- WHAT YOU SHOULD DO
If pictures appear in the lines below, skip them and copy exactly the lines from the one containing "Данный рунический палиндром" through the one containing "Sealyham, sitzend, hergestellt", and nothing else.

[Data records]

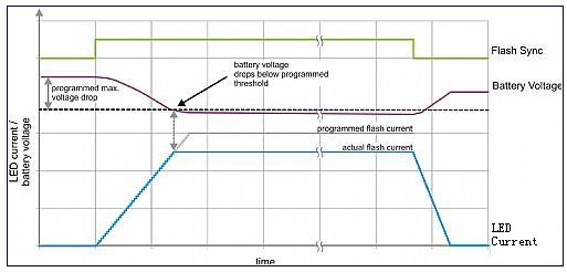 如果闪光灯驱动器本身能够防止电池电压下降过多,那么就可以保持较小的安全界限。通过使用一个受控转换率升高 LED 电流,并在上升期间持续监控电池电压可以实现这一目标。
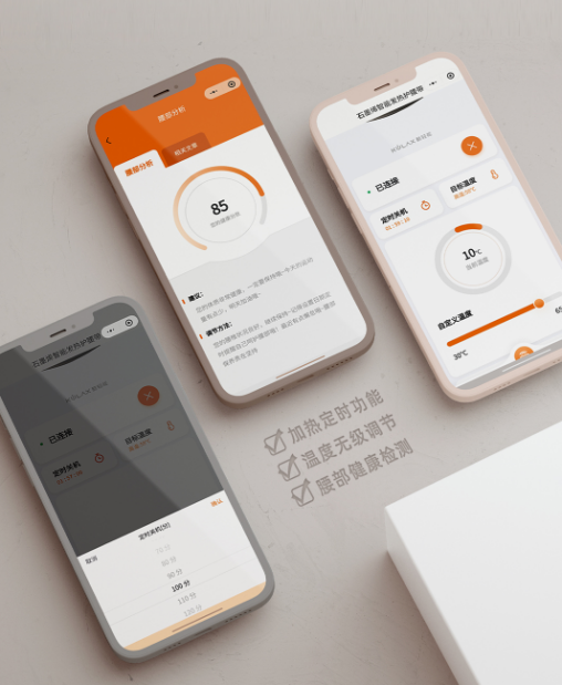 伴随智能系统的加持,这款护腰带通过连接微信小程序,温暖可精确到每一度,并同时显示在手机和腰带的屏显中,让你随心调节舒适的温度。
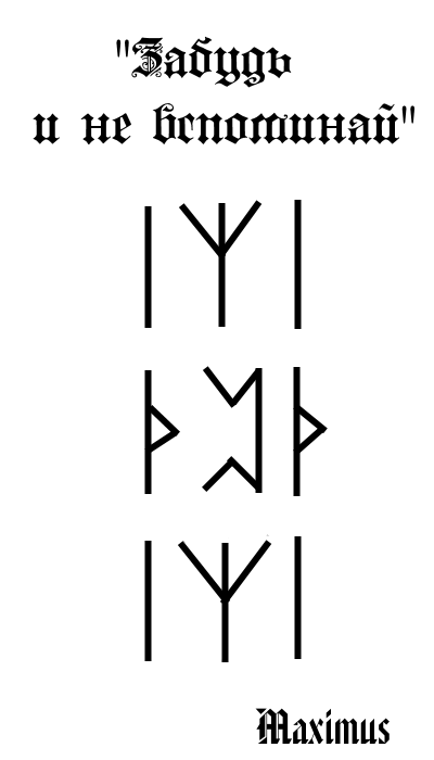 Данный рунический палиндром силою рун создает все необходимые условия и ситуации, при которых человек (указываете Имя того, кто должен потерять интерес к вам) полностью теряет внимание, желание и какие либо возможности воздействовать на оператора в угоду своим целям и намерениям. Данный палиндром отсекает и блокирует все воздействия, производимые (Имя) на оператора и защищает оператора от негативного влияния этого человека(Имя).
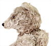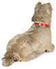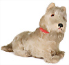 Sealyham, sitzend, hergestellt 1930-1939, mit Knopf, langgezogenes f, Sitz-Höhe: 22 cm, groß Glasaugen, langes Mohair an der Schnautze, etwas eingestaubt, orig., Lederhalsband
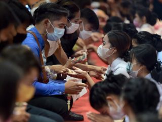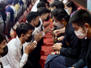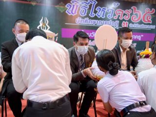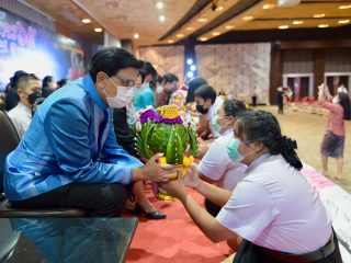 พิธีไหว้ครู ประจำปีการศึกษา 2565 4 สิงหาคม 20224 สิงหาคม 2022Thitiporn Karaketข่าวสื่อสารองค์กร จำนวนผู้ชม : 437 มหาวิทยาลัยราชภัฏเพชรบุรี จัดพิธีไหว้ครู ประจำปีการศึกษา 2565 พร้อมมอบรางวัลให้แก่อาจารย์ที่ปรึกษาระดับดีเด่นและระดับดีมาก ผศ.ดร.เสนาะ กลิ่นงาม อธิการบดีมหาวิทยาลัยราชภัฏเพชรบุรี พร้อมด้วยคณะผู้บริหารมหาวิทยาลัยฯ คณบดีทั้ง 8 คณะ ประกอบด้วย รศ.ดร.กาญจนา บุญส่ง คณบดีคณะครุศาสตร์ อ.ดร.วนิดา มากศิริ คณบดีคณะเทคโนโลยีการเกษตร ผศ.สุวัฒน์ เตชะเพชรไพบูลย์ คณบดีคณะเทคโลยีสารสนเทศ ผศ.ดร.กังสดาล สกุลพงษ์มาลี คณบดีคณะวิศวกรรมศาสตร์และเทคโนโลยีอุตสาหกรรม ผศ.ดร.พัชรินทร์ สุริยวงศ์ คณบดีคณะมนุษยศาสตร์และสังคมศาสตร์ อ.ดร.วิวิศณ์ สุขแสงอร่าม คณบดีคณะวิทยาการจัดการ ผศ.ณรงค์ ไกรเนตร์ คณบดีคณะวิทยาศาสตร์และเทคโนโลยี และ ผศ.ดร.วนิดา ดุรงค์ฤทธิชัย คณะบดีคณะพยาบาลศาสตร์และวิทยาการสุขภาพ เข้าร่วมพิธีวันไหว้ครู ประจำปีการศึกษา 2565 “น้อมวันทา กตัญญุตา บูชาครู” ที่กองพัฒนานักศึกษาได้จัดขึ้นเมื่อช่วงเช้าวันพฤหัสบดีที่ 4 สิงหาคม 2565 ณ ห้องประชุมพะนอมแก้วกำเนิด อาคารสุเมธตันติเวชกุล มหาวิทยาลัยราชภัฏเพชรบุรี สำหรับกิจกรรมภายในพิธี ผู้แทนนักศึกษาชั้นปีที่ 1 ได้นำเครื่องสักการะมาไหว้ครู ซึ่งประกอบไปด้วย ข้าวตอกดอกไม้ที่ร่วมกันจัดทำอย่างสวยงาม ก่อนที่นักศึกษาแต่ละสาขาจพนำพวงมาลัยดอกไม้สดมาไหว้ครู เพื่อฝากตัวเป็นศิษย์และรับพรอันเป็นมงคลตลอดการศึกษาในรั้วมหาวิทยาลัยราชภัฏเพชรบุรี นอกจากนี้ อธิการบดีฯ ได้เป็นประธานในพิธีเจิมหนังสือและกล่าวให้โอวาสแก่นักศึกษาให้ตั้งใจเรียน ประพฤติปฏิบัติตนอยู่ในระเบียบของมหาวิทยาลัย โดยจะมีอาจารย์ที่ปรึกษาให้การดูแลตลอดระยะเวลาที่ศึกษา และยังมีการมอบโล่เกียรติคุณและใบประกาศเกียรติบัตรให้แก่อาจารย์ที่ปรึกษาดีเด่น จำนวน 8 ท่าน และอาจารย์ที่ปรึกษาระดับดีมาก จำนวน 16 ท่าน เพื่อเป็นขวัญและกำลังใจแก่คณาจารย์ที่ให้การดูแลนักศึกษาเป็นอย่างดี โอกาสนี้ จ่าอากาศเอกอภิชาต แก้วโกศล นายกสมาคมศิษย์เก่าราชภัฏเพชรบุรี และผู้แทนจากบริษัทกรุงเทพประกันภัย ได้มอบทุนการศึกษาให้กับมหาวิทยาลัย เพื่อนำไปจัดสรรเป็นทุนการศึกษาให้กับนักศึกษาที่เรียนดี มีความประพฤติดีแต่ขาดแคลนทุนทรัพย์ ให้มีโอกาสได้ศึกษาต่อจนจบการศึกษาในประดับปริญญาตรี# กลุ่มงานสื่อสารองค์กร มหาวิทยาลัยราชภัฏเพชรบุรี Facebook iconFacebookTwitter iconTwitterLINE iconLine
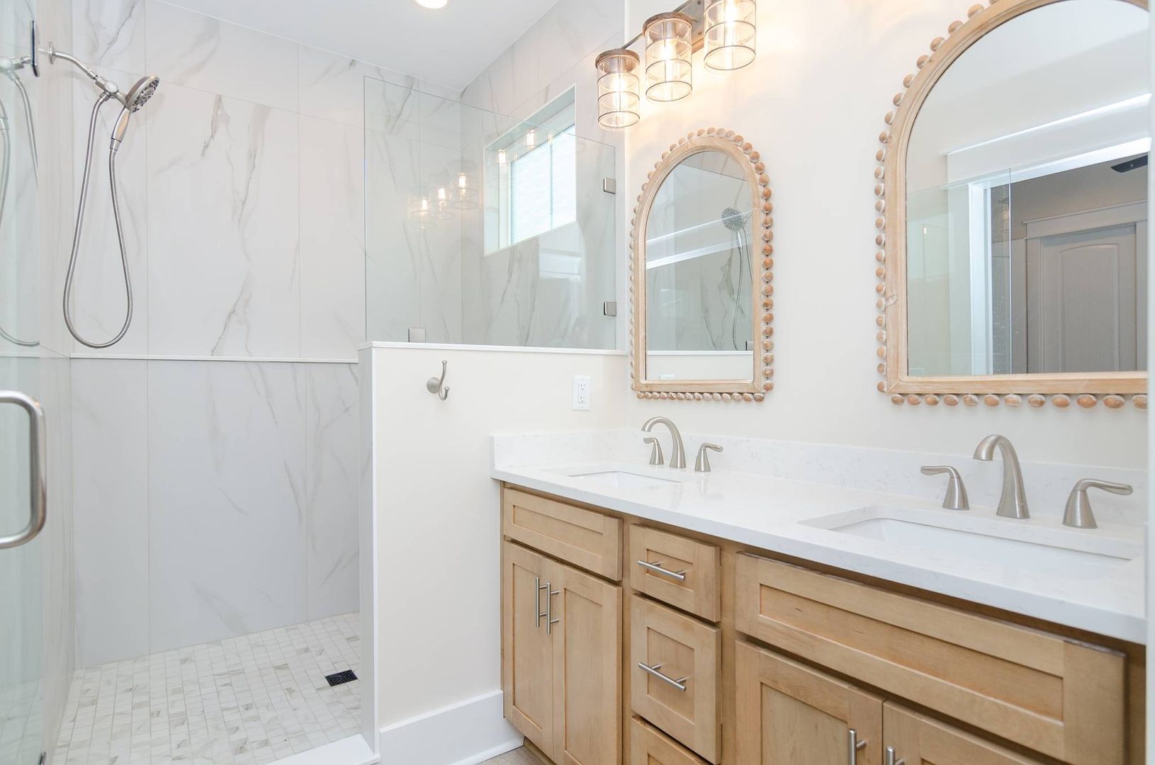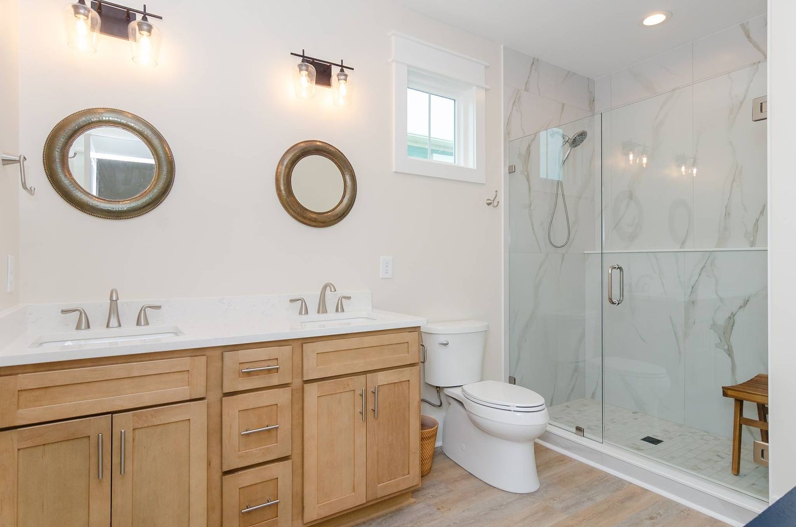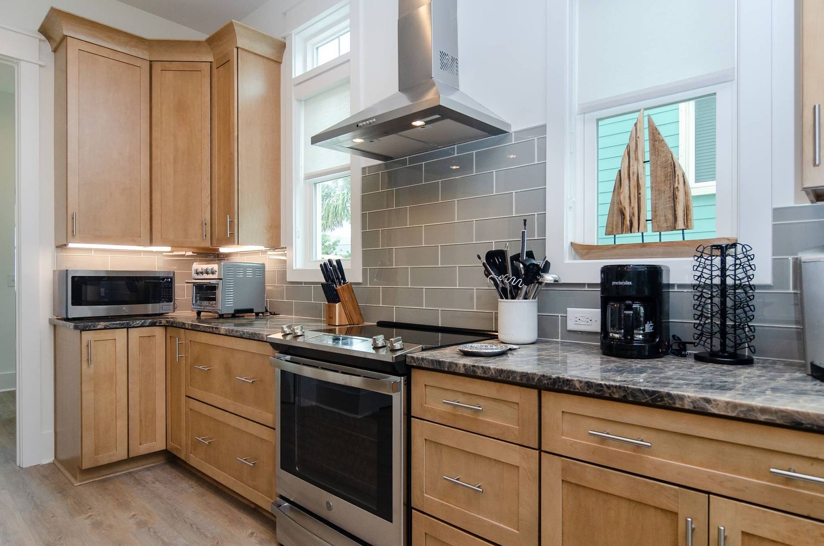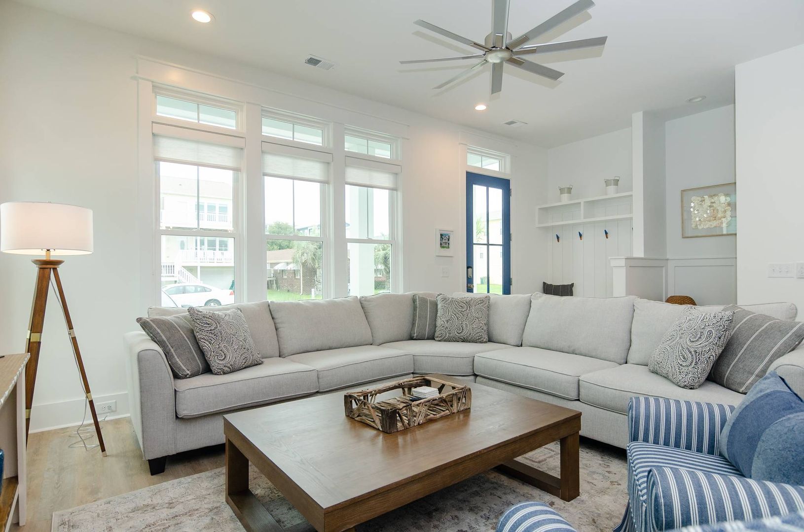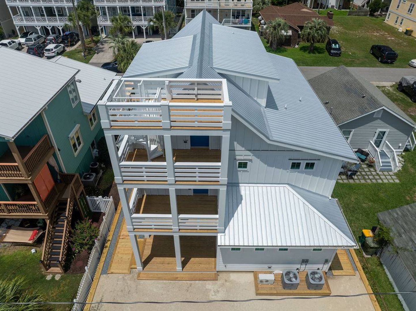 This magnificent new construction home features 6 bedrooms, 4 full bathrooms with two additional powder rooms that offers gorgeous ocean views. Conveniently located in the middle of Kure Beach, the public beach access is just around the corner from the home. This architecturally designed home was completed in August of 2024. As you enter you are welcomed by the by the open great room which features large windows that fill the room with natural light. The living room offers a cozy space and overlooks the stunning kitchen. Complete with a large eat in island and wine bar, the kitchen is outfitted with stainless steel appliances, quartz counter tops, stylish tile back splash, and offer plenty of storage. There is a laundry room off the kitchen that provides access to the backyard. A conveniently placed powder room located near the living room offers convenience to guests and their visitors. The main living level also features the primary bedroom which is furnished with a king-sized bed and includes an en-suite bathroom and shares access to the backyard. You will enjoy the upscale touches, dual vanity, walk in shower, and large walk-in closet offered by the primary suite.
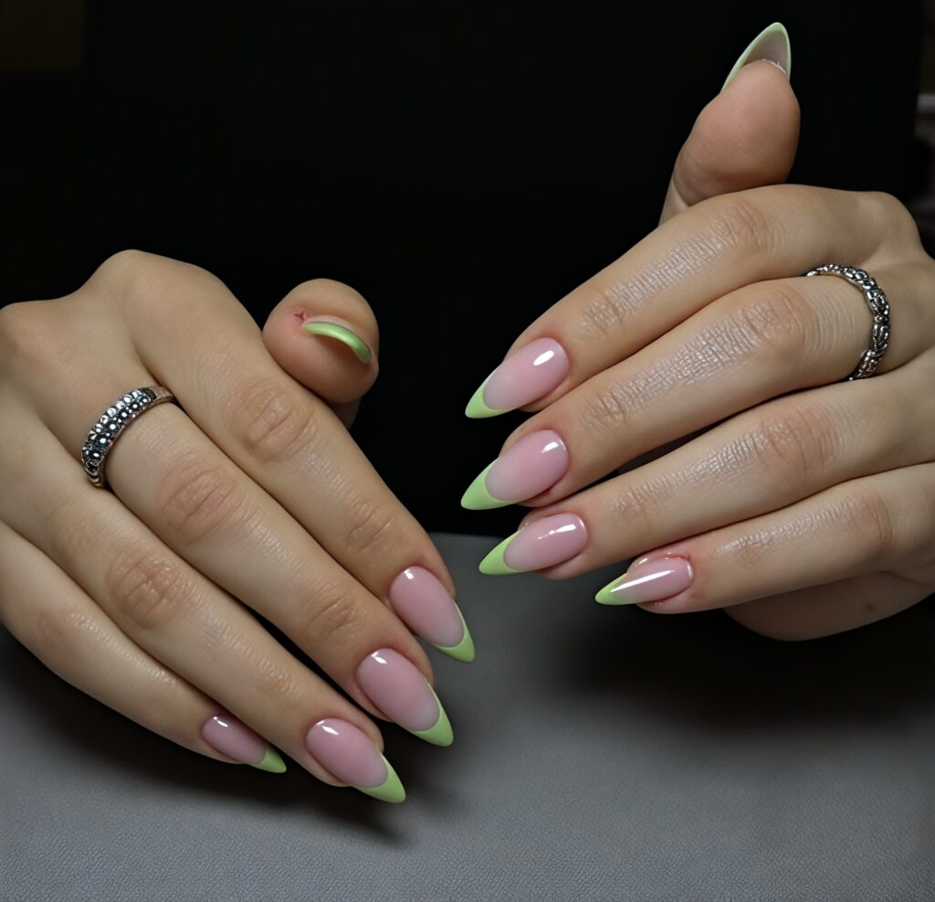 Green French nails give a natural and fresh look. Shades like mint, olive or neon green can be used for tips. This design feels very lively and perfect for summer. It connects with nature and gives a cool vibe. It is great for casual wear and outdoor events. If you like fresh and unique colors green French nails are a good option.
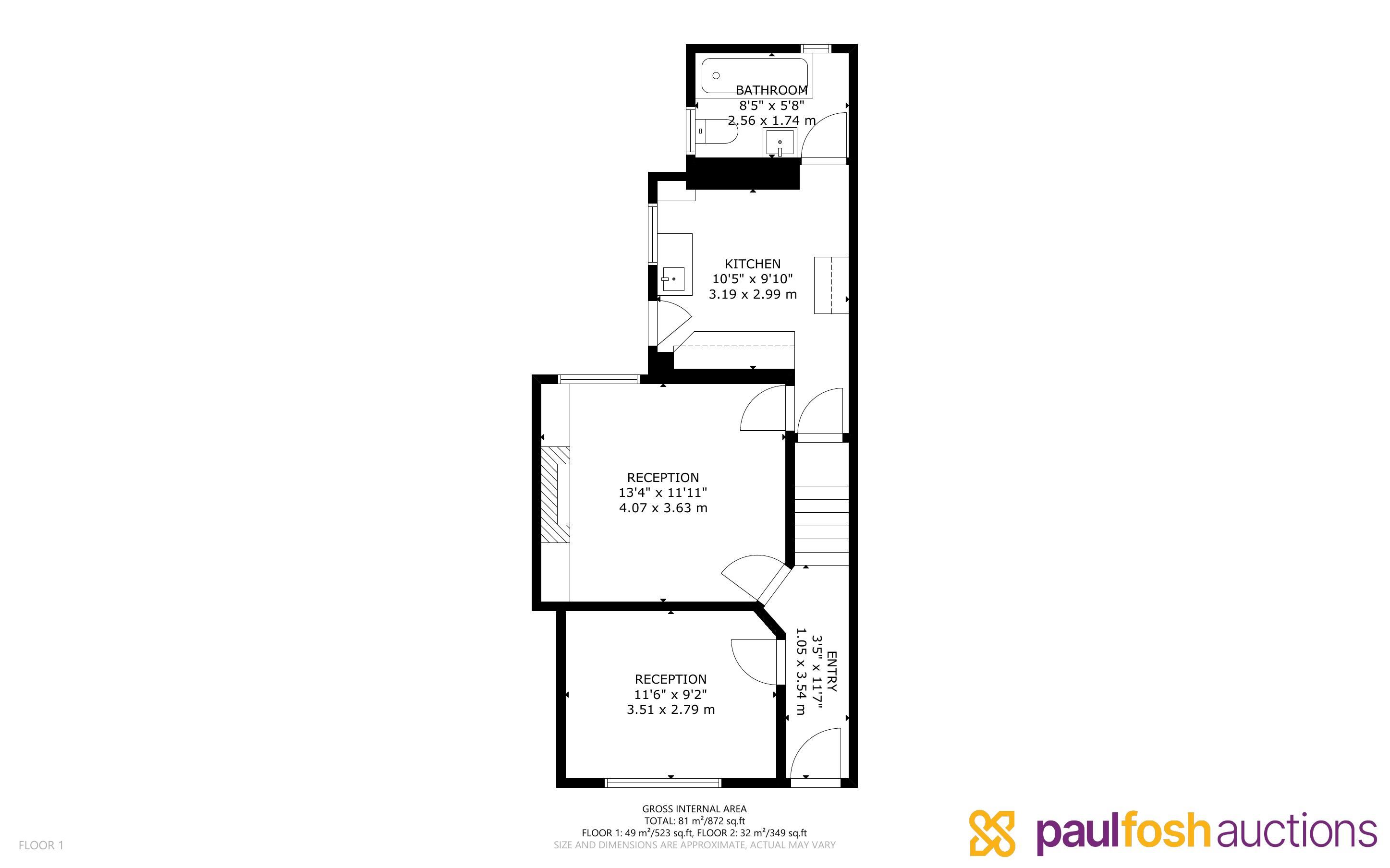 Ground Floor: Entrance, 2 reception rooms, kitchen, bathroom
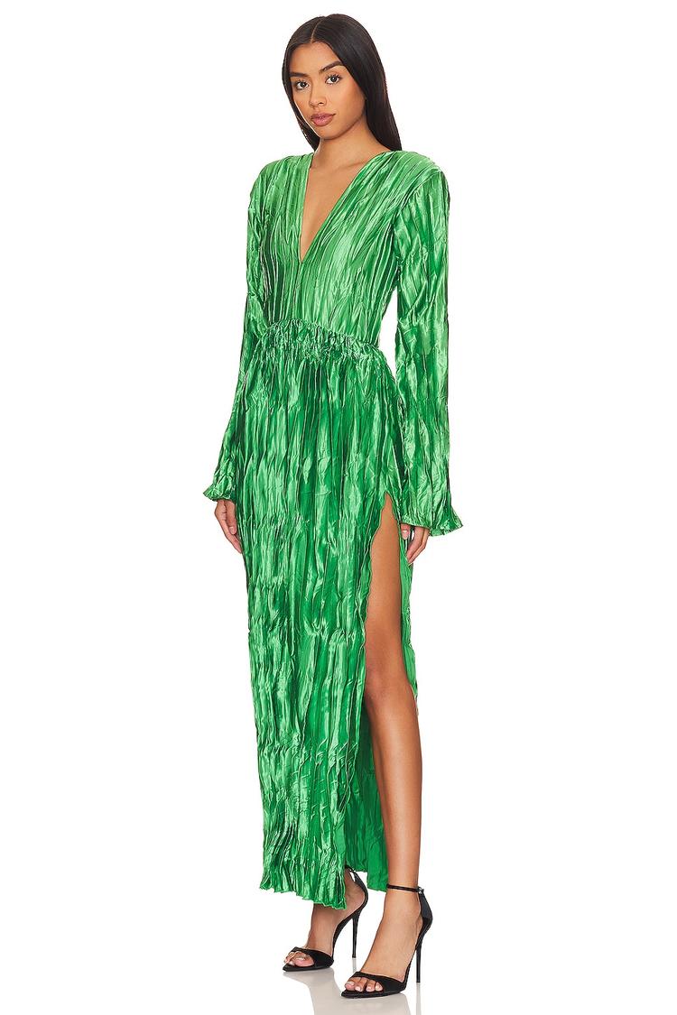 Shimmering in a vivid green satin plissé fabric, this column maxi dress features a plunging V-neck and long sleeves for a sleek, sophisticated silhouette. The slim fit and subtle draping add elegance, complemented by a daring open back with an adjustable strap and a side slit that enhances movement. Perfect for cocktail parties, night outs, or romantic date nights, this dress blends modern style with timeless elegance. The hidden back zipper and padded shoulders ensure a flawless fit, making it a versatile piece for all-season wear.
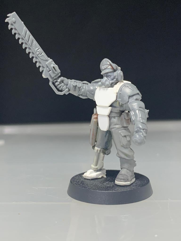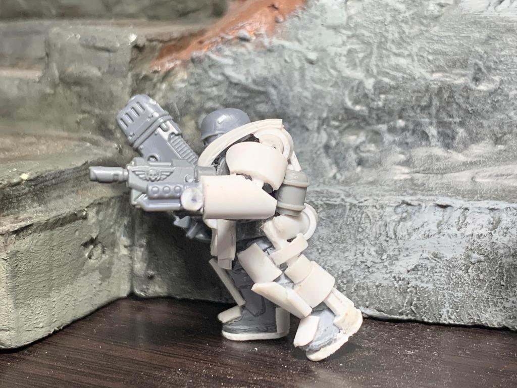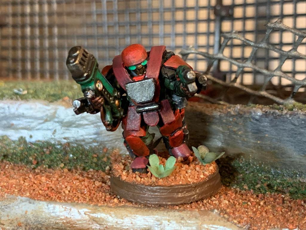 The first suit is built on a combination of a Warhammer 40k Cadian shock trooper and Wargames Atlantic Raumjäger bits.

- OUTPUT BELOW
 Данный рунический палиндром силою рун создает все необходимые условия и ситуации, при которых человек (указываете Имя того, кто должен потерять интерес к вам) полностью теряет внимание, желание и какие либо возможности воздействовать на оператора в угоду своим целям и намерениям. Данный палиндром отсекает и блокирует все воздействия, производимые (Имя) на оператора и защищает оператора от негативного влияния этого человека(Имя).
 Sealyham, sitzend, hergestellt 1930-1939, mit Knopf, langgezogenes f, Sitz-Höhe: 22 cm, groß Glasaugen, langes Mohair an der Schnautze, etwas eingestaubt, orig., Lederhalsband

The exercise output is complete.